O docudrama parece nem mesmo se tocar que estar caracterizado com roupas semelhantes poderia fazer com que aquelas pessoas entendam melhor a família Ramsey. O melhor exemplo fica por conta de uma mulher que vai ao teste de maneira completamente diferente das demais: blusa azul e terno preto com colar e brincos semelhantes ao de Patricia. Segundo ela, essas escolhas foram feitas após um estudo minucioso sobre o modo de vestir e falar da personagem. Porém, de todas as candidatas, ela aparenta ser a que menos buscou compreender o lado psicológico sem se importar com a gravidade do crime. Infelizmente, a diretora e a equipe não trabalham esta situação e a descartam mais adiante.
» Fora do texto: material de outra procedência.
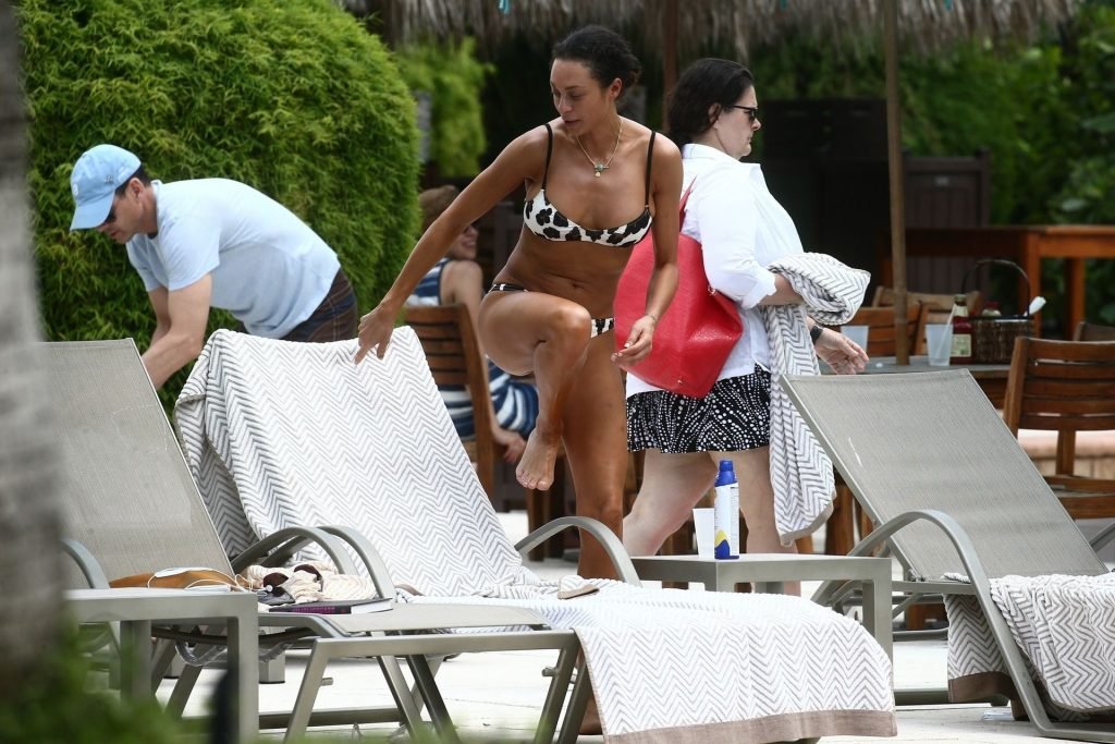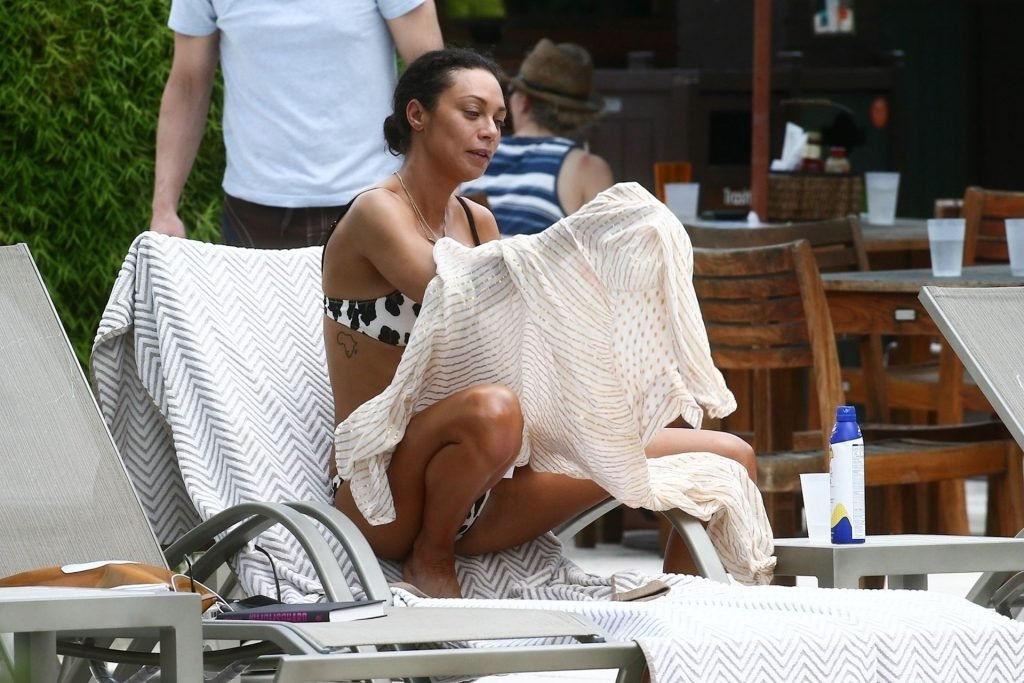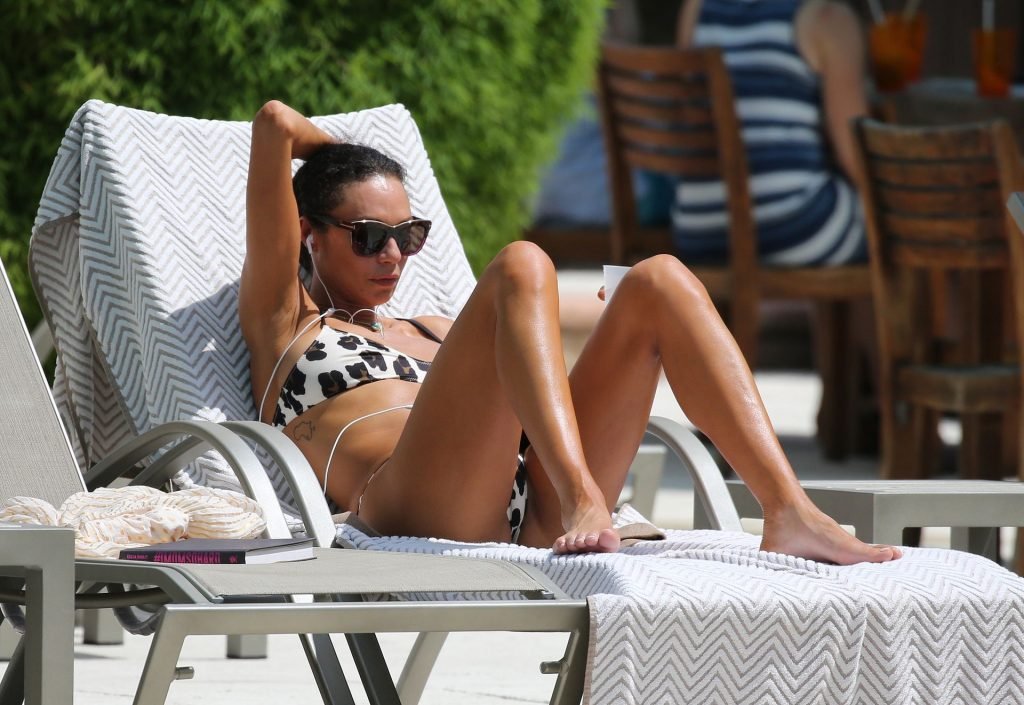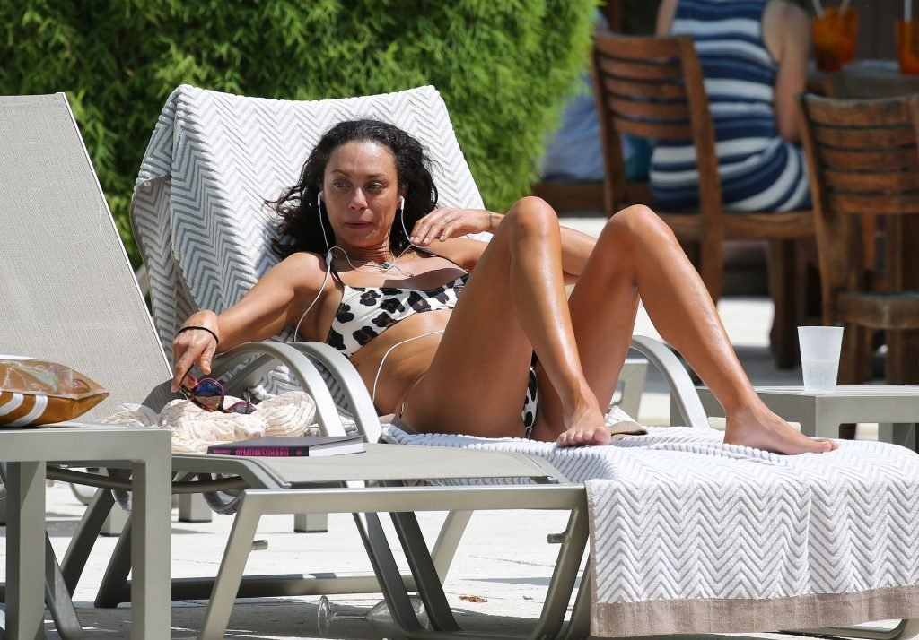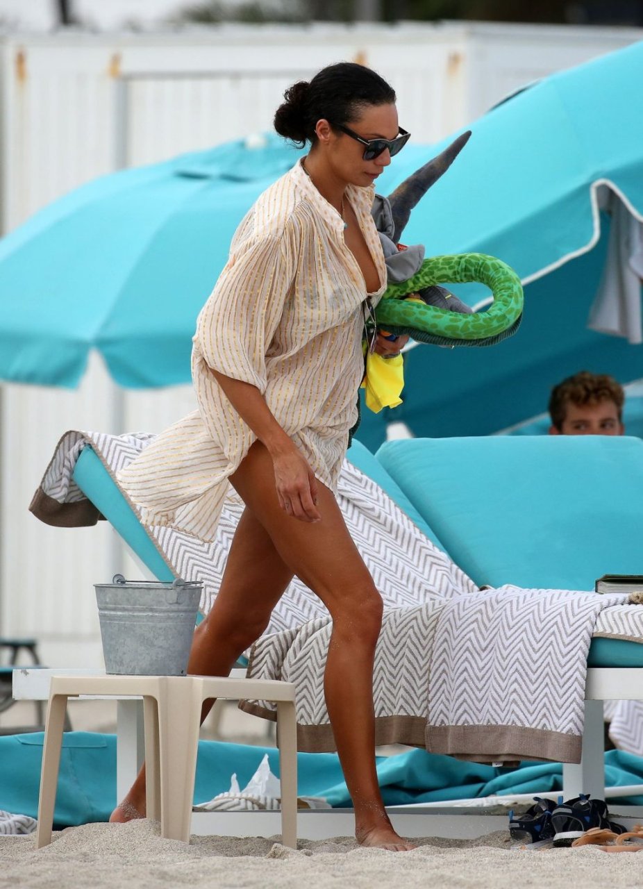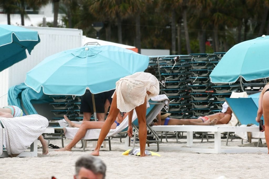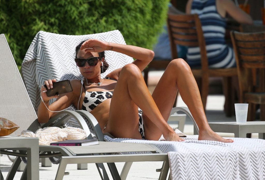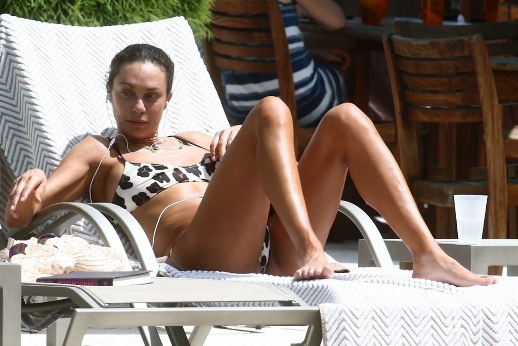 Недавно ставшая свободной Лилли Беккер загорает в бикини с животным принтом вместе со своим сыном Амадеусом Беккером на солнечном пляже Майами, 10.04.2019. Лилли наносит лосьон, в то время как её сын отдыхает на пляжном кресле.

Se tudo relacionado ao crime soa vazio, repetitivo e, por que não, explorativo, “Quem é JonBenét?” ganha pontos na parte final com alguns entrevistados revelando os próprios dramas. Uma mãe ao se emocionar em imaginar um dos três filhos mortos e a comovente história de um cara que se viu suspeito de um crime mesmo sendo inocente mostra-se necessária em tempos que a empatia e se colocar no lugar do outro estão em desuso. Pena isso não ser mais utilizado no filme e casando com uma análise social mais abrangente do que a tragédia reflete da sociedade americana e de cada um de nós, ficando tudo no campo da experiência individual.


Resumindo…

O plano final com uma série de Johns Bennetts e Patricias Ramseys em um cenário da casa escuro, cheio de sombras ilustra bem o projeto da Netflix: há uma clara busca pelo refinamento técnico e alcançar o bom gosto enquanto, por outro lado, vemos uma obra vazia sem a menor capacidade e interesse de propor ou analisar nada exceto expor as verdades carregadas por aqueles indivíduos.

Sem dúvida, “Quem é JonBenét?” é um belo exemplar da era pós-verdade e toda sua pobreza, a qual Kitty Green e equipe acabam corroborando.